I'm selling product and I would hate to start getting claims because the transfer is fading in a short period of time. I'm using vinyl now, but want to step up my designs and offer full color.

Any printer and process recommendations for cotton will be appreciated. The product should last a good period of times, so what is your experience??


Thank you!!


----------



## BerkshirePrint (Oct 19, 2016)

Stay away, it cost to much money for a design that will fade. Look at DTG printing if your interested in doing full color designs. DTG machines are more up keep than Sublimations printers but the designs will last you years.


----------



## Conde_David (May 29, 2008)

BerkshirePrint said:


> Stay away, it cost to much money for a design that will fade. Look at DTG printing if your interested in doing full color designs. DTG machines are more up keep than Sublimations printers but the designs will last you years.

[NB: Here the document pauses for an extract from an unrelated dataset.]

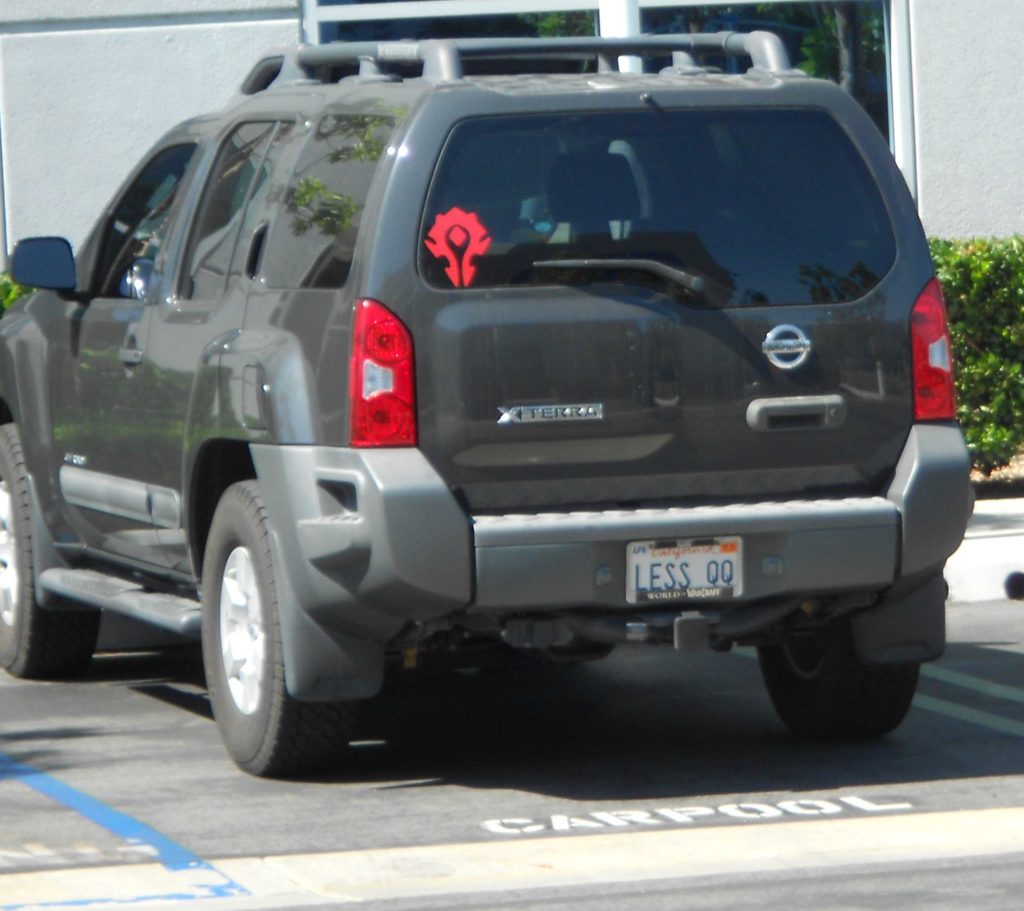 A few of the cars parked at the Blizzard headquarters had vanity plates referencing World of Warcraft. This one shows part of the phrase “LESS QQ MORE PEW PEW,” roughly translated, “Less crying, do more damage.”
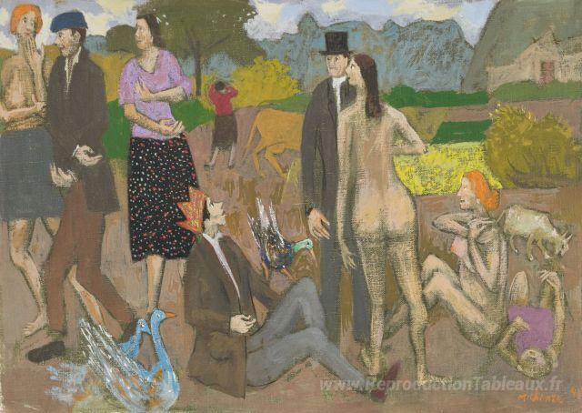 Nous vous proposons une reproduction artisanale sur toile du célèbre tableau 'Scène de village aux oiseaux bleus' de Grégoire Michonze, provenant du Musée de la Reproduction.

I am happy to provide samples to prove the excellent wash ability.


Sent from my iPhone using Tapatalk


----------



## Mudtees1 (Nov 11, 2013)

David, when I called I asked about samples. I was willing to pay for them, but the samples are just the blank paper. I don't have a sublimation printer yet as I'm still trying to get the material that will work with cotton and don't want to make it the investment if it's not what I want. It you can do samples with a color printed design I would love to test it.






Conde_David said:


> I am happy to provide samples to prove the excellent wash ability.
> 
> 
> Sent from my iPhone using Tapatalk


----------



## Conde_David (May 29, 2008)

Once printed the transfer needs to be pressed soon. I could provide a pressed shirt?


Sent from my iPhone using Tapatalk


----------



## Mudtees1 (Nov 11, 2013)

I have a heat press.


Thank you!


----------



## olga1 (May 11, 2014)

Any one of this printers are good for that transfer paper ?
Ricoh Aficio SG 3110DNW 
Oki Data MC362w
Thanks


----------